RARE Daily

Health Canada Authorizes Alnylam’s Oxlumo for Ultra-Rare Liver Disease

May 18, 2022

Health Canada has issued a Notice of Compliance authorizing Alnylam Pharmaceutical’s Oxlumo for the treatment of the ultra-rare liver disease primary hyperoxaluria type 1 to lower urinary oxalate levels in pediatric and adult patients.

Photo: Elizabeth Harvey, pediatric nephrologist at The Hospital for Sick Children and a member of Alnylam Canada’s Scientific Advisory Board

Primary hyperoxaluria type 1 (PH1) is characterized by oxalate overproduction. Oxalate is an end-product of metabolism and high levels of it are toxic because it cannot be broken down by the human body. Oxalate overproduction results in the deposition of calcium oxalate crystals in the kidneys and urinary tract and can lead to the formation of painful and recurrent kidney stones, nephrocalcinosis (renal deposition of calcium oxalate crystals), progression to ESKD (kidney failure), and systemic organ dysfunction.

There are several types of primary hyperoxaluria (PH), however, PH1 is the most common and the most severe form accounting for 70 to 80 percent of all PH cases. Symptom onset ranges from early infancy to sixty years of age with the median age being four to six years. The remainder of affected cases present in adulthood with 20 to 50 percent presenting late stages of chronic kidney disease when diagnosed.

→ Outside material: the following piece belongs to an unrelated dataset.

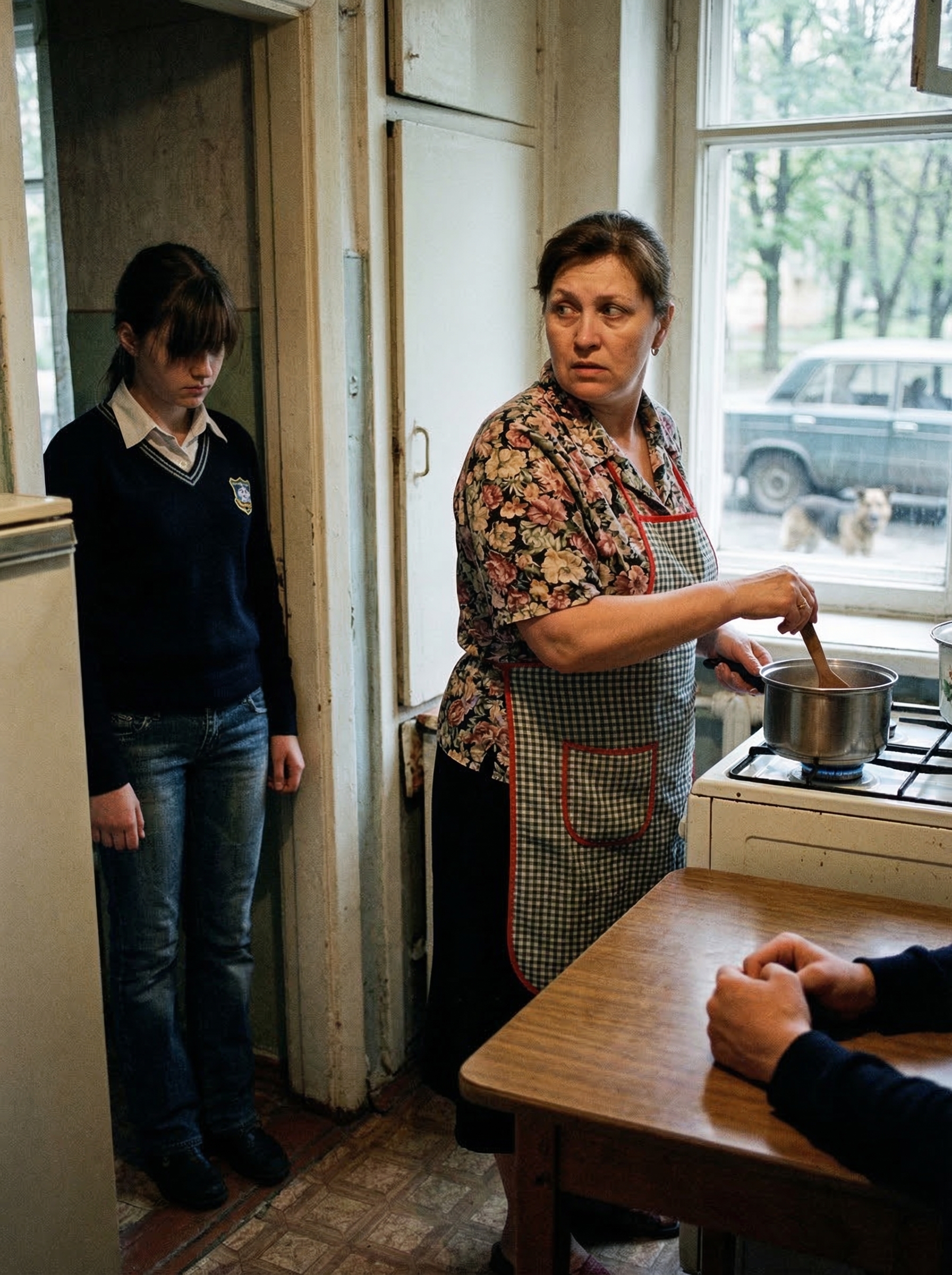 Csilla épp a tűzhelyen kavargatta a levest, amikor Hajnalka beállt a konyhaajtóba. Tizenöt éves volt a lánya, és Csilla már régen megtanulta, hogy ha ilyen hanggal kezdi — halkkal, de egyenesen —, akkor nem egy iskolai dolog. Akkor valami más.

The only curative treatment is a liver transplant and if the patient has already progressed to kidney failure, then a dual liver/kidney transplant is required. However, liver transplantation is associated with high morbidity and mortality, and life-long immunosuppression, leaving patients with limited options.

Oxlumo is a double-stranded siRNA that reduces the levels of the enzyme glycolate oxidase (GO) responsible for supporting the production of oxalate by targeting the hydroxy acid oxidase 1 (HAO1) messenger ribonucleic acid (mRNA) in major cells of the liver known as hepatocytes through RNA interference. As a result, decreased GO enzyme levels reduce the amount of urinary and plasma oxalate levels, the underlying cause of disease manifestations in patients with PH1.

“PH1 is a challenging condition to diagnose and treat due to significant variations in the age of onset, rate of disease progression, and associated clinical manifestations,” says Elizabeth Harvey, pediatric nephrologist at The Hospital for Sick Children and a member of Alnylam Canada’s Scientific Advisory Board. “The approval of this therapy presents patients with a novel treatment option that may potentially reduce the oxalate burden responsible for causing their disease.”

Oxlumo was granted a Notice of Compliance based on the results of a randomized, double-blind, placebo-controlled clinical study in patients six years and older with PH1 (ILLUMINATE-A) and in a single-arm clinical study in patients less than 6 years of age with PH1 (ILLUMINATE-B). The ILLUMINATE-A study showed that Oxlumo met its primary endpoint, evidenced by a 53 percent mean reduction in urinary oxalate, and a 65 percent mean reduction in urinary oxalate relative to baseline. In ILLUMINATE-B, Oxlumo demonstrated a 72 percent mean reduction in spot urinary oxalate:creatinine ratio from baseline to month six (averaged from months three to six), meeting its primary endpoint.

“This milestone is exciting, as it represents the third RNAi treatment to be brought to Canada in 3 years to treat rare and ultra-rare diseases,” says Colleen Coxson, Country General Manager, Canada, Alnylam Pharmaceuticals. “Unfortunately for many patients, it can often take years to diagnose a rare disease, and just as long to find a treatment. Bringing Oxlumo to Canadian patients with PH1 further cements Alnylam Canada’s commitment to the rare disease community.”